Lesson at the Ice Cream Shop
At an ice cream shop that promises pleasure I ordered my necessary flavor of the day- chocolate. The flavor of decadence, comfort, familiarity and uncomplicated enjoyment.
I’d noticed the server struggle to scoop the overly hard, fresh out of the deep freeze flavor to the man in front of me. She persevered and served him his chocolate cone. As mentioned, I ordered mine and watched the struggle to scoop again and had no reason to believe her struggle would effect me in any way. She was doing her job, her prescribed role and I basically participated in the demand. Half way thru her wrestling with what was to be my scoop, she paused, removed the flavor identification card from the display and returned to her task. I received my little pleasure and started to walk away. Then...

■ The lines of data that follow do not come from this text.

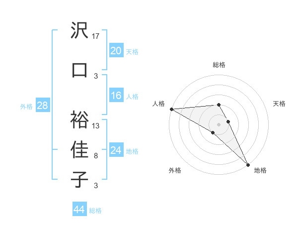 沢口 裕佳子さんを姓名の画数から五運を鑑定
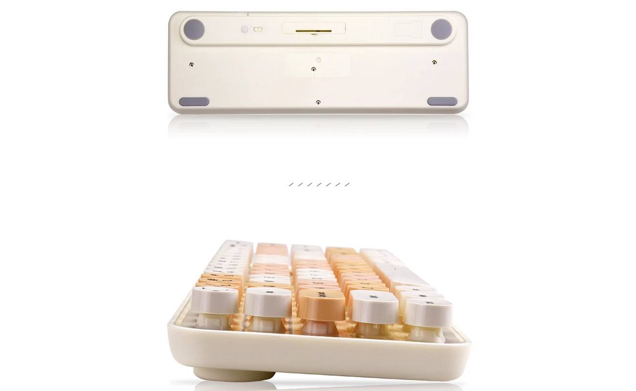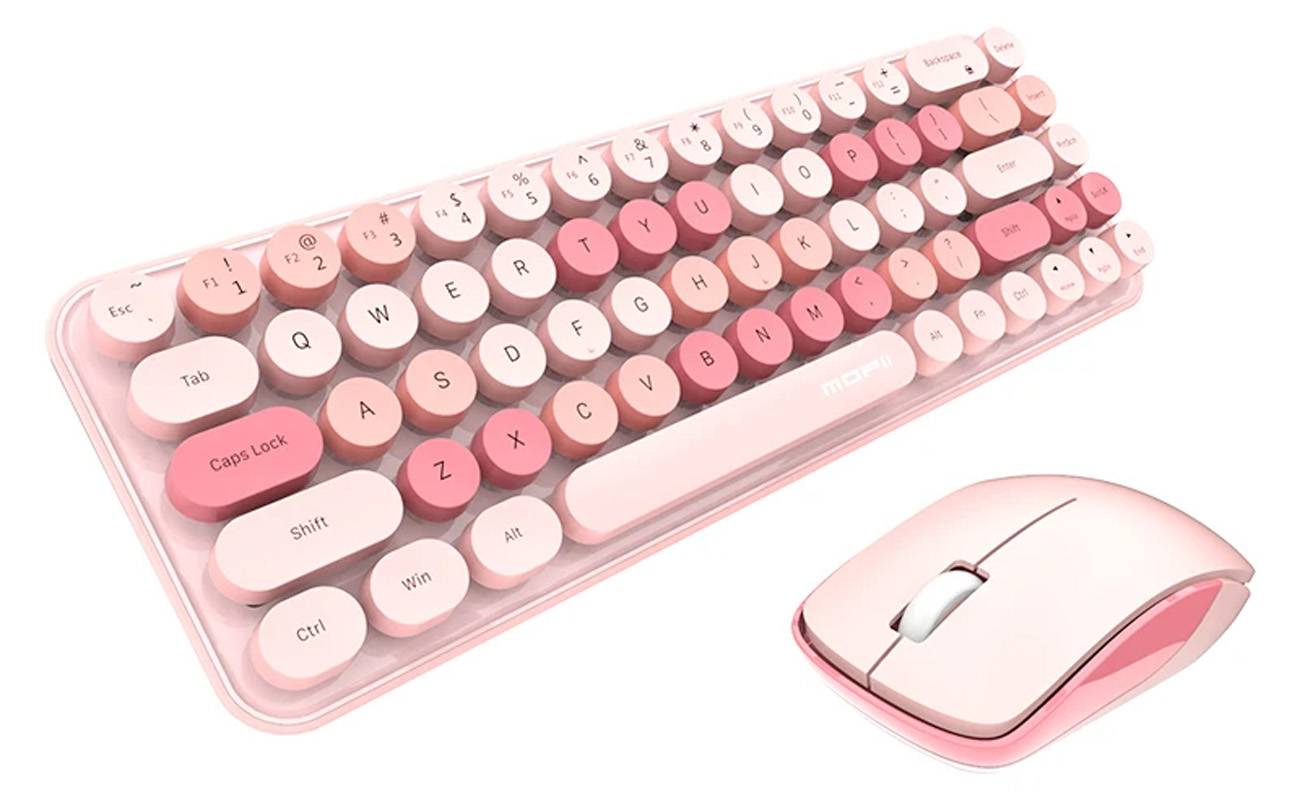 ابعاد کیبورد، 317 در 108 در 22 میلیمتر و وزن آن 468 گرم است. این مشخصات بیانگر یک صفحهکلید نسبتاً کوچک و جمعوجور هستند که قسمت نامپد عددی (NumPad) را حذف کرده و فضا را برای قرارگیری موس یا سایر وسایل روی میز باز میکند. جنس بدنه کیبورد از پلاستیک است که درعین مقاومت مناسب، وزن کلی را پایین نگه میدارد. اما نکته متفاوت و جالب توجه در طراحی، رنگبندی پاستلی و چینش نامنظم کلیدها در سه طیف نزدیک به هم است؛ این امر جلوهای بانشاط و چشمنواز به محصول میبخشد. شکل گرد کلیدها نیز حالتی خاص و فانتزی به کیبورد میدهد و از یکنواختی الگوی کلیدهای مربعی دوری میکند. ماوس نیز با ابعاد 96 در 55 در 20 میلیمتر، محصولی سبک و خوشدست محسوب میشود. طراحی ارگونومیک و وزن سبک آن، موجب میشود در استفاده طولانیمدت فشار زیادی به مچ دست وارد نشود. سه دکمه فیزیکی شامل کلیک چپ، کلیک راست و اسکرول روی ماوس تعبیه شدهاند که برای کارهای عمومی کافی است. اگرچه این ماوس از نظر تعداد دکمه برای بازیهای حرفهای یا نرمافزارهای تخصصی محدودیت دارد، اما برای وبگردی، ویرایش اسناد یا کارهای اداری گزینهای مناسب به نظر میرسد.
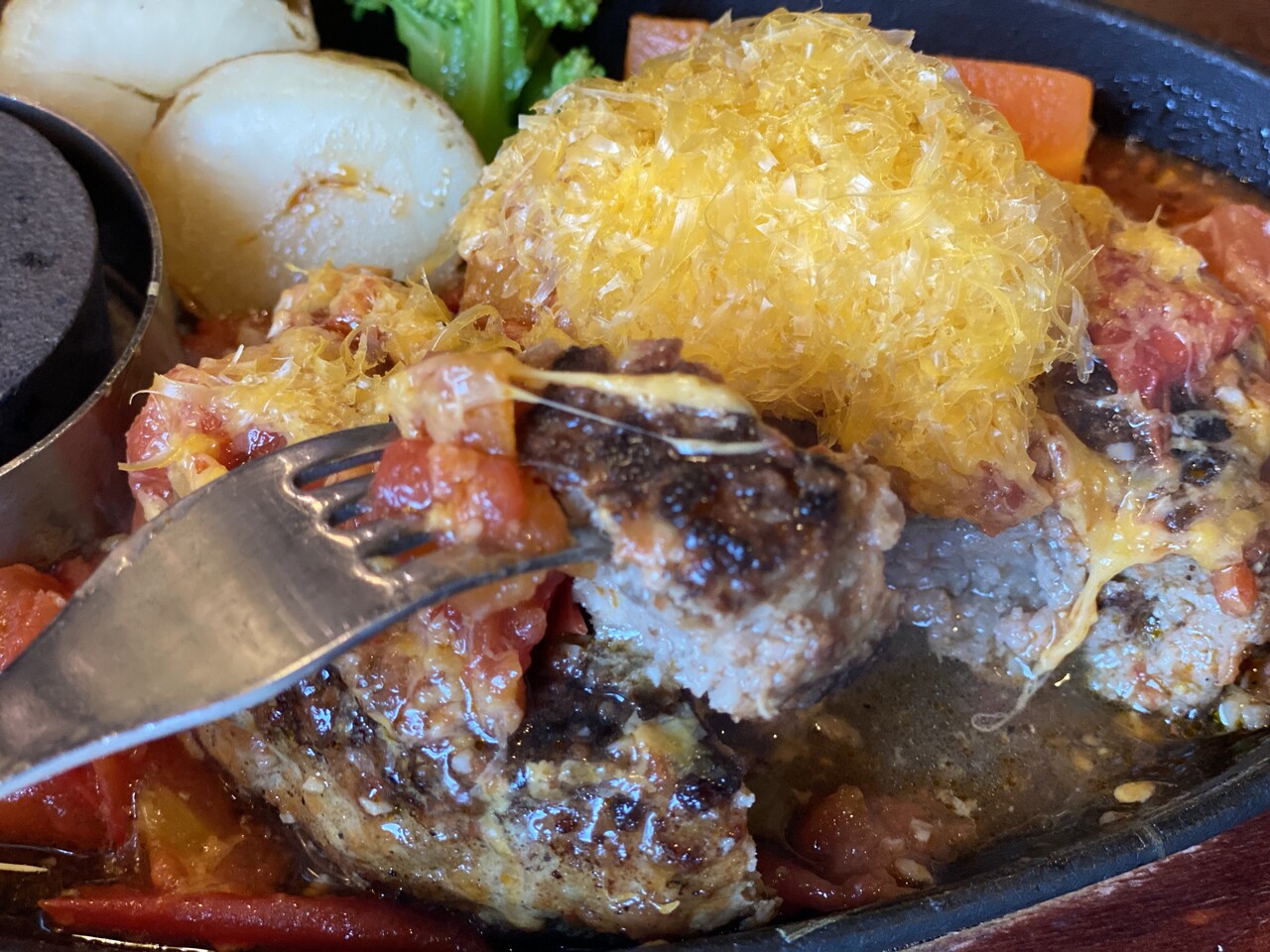 短角牛の濃厚な旨味。ジューシー感のあるしっかりハンバーグ
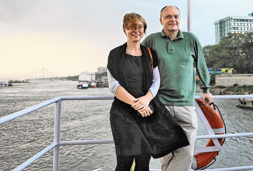 As lightning streaked across the dark sky and the river, a West Bengal Tourism Development Corporation vessel set sail from Babughat on Tuesday evening on a special tour. Gaston Stronck, the ambassador of the Grand Duchy of Luxembourg, and wife Monika Aigner stood on a sheltered deck, taking in the fury of Calcutta’s kalbaisakhi, an unfamiliar sight in the cold climes of their country. Metro captured the sights and sounds with the guests
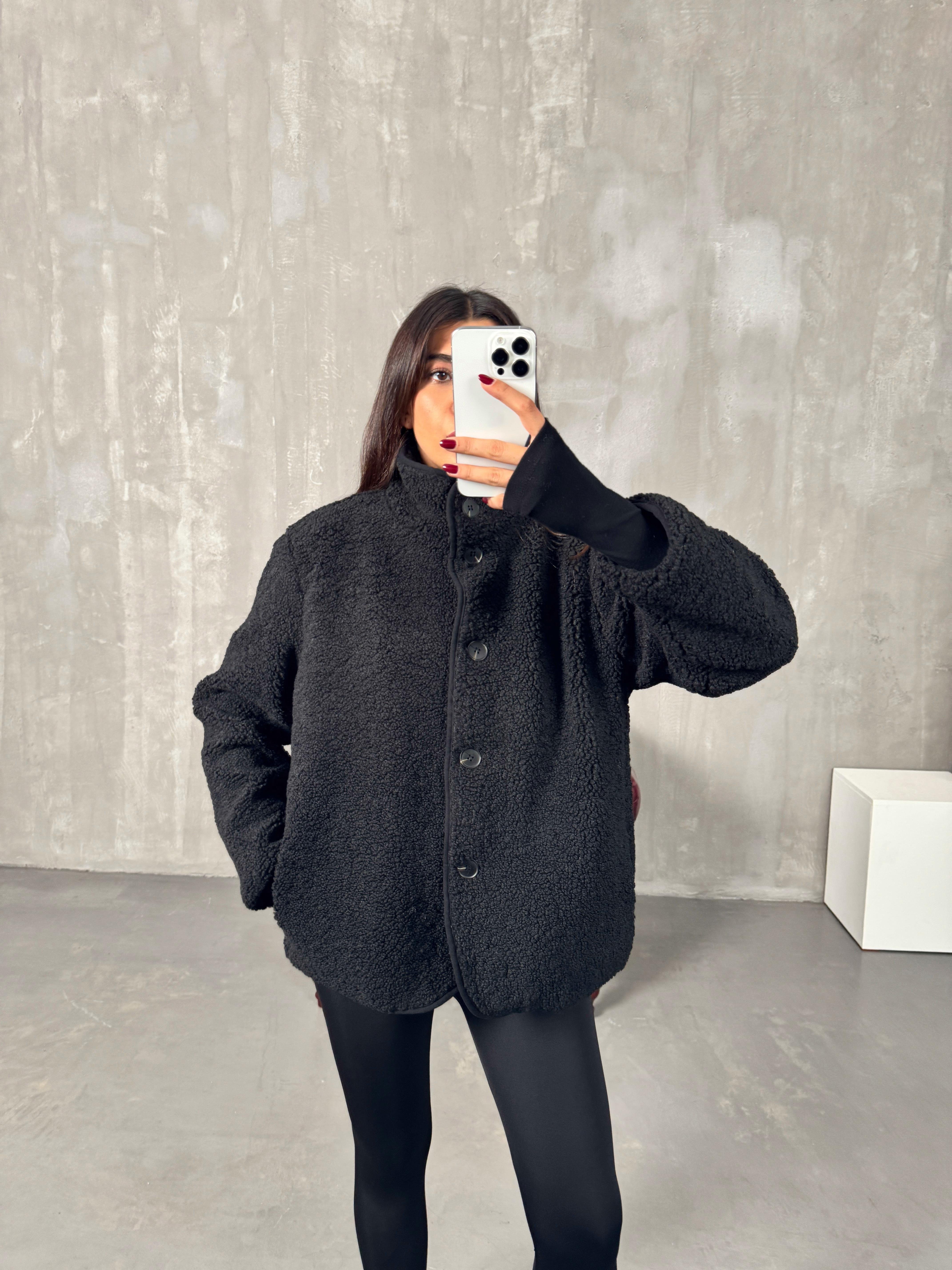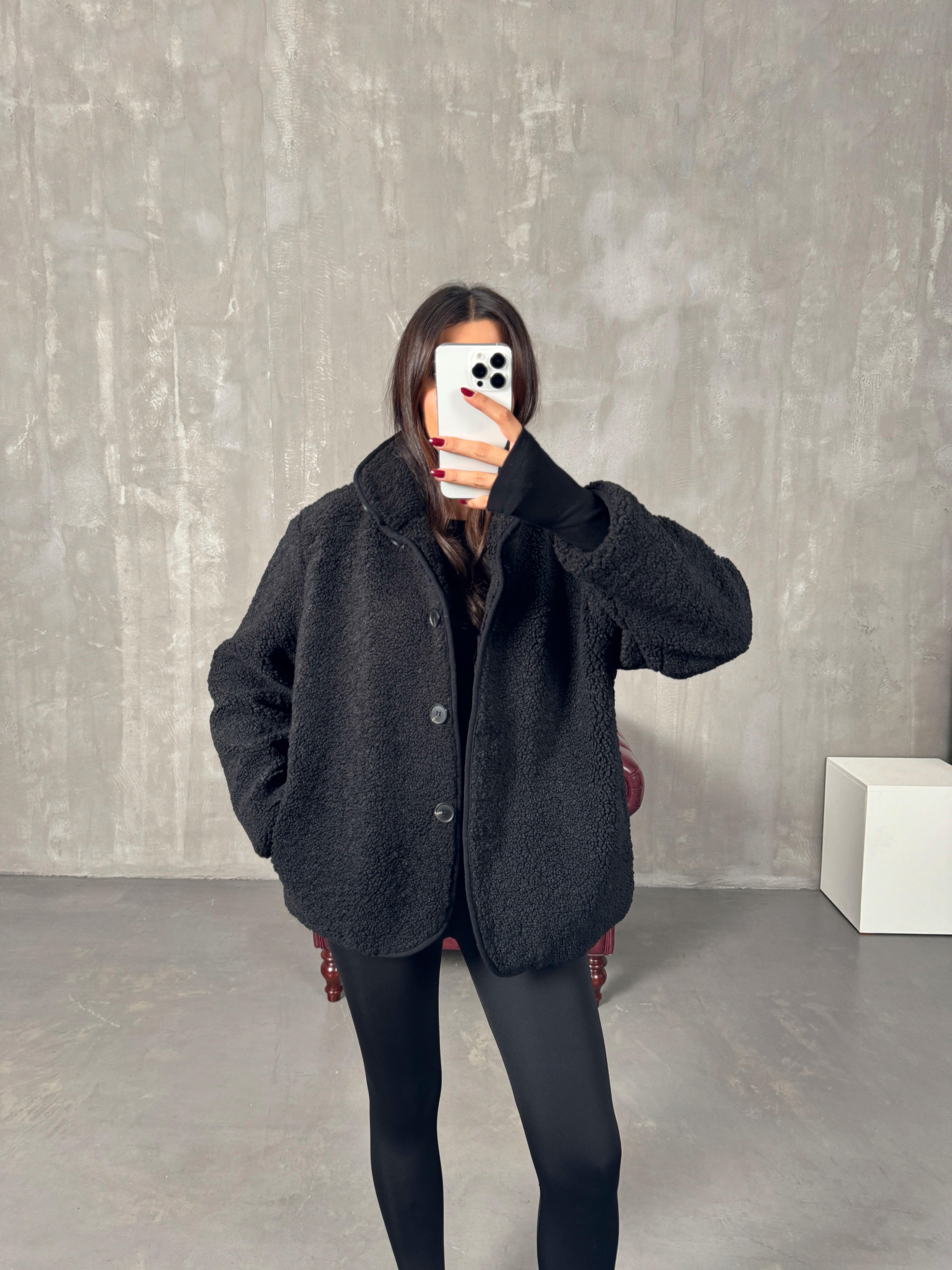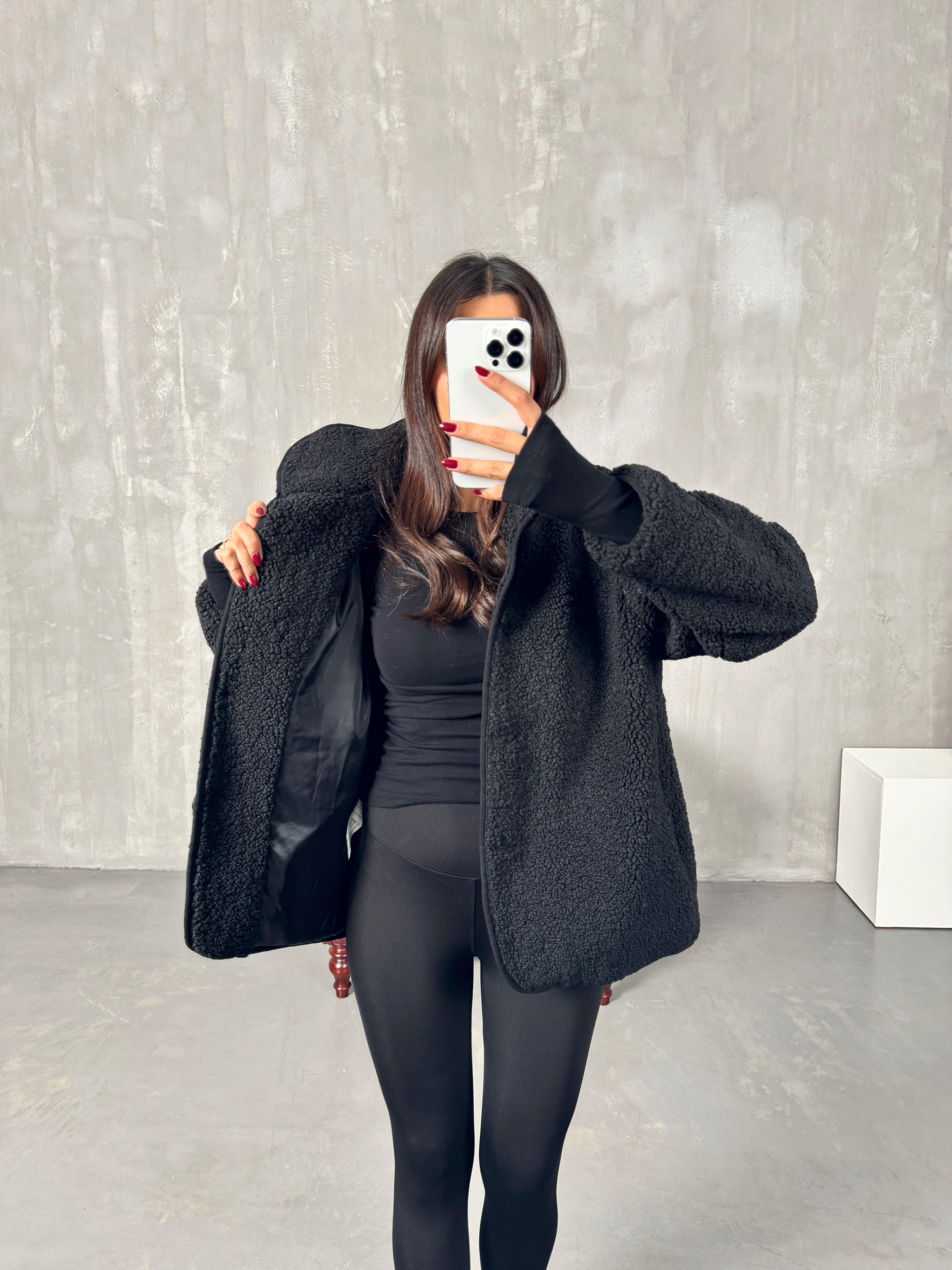 Robert Siyah Astarlı Peluş Orta Boy Ceket

The man behind me ordered chocolate as well. The deliverer of goodness simply replied “it is not available at this time”. I walked away and did not hear the customers response. Did he say “unfair”, did he feel he was the recipient of injustice? Did he share with his friends the inequity and the unarguable fact that his pleasure was compromised? I don’t know those answers but I do know that i learned something from the ice cream server. Sometimes, you have to deny others pleasure to take care of yourself and in doing this, there is a deeper more satisfying agreement to be allowed to be human. To share together in lifes complicated web of give and take, empathy and justice, understanding and limitation.
In my life I want the bigger pleasure. The pleasure of allowing myself and others to take care of themselves. To sometimes NOT have my scoop (so to speak) in the interest of alleviating the struggle for another. I want to support and be supported in the quest to acquire life’s perfect chocolate ice cream.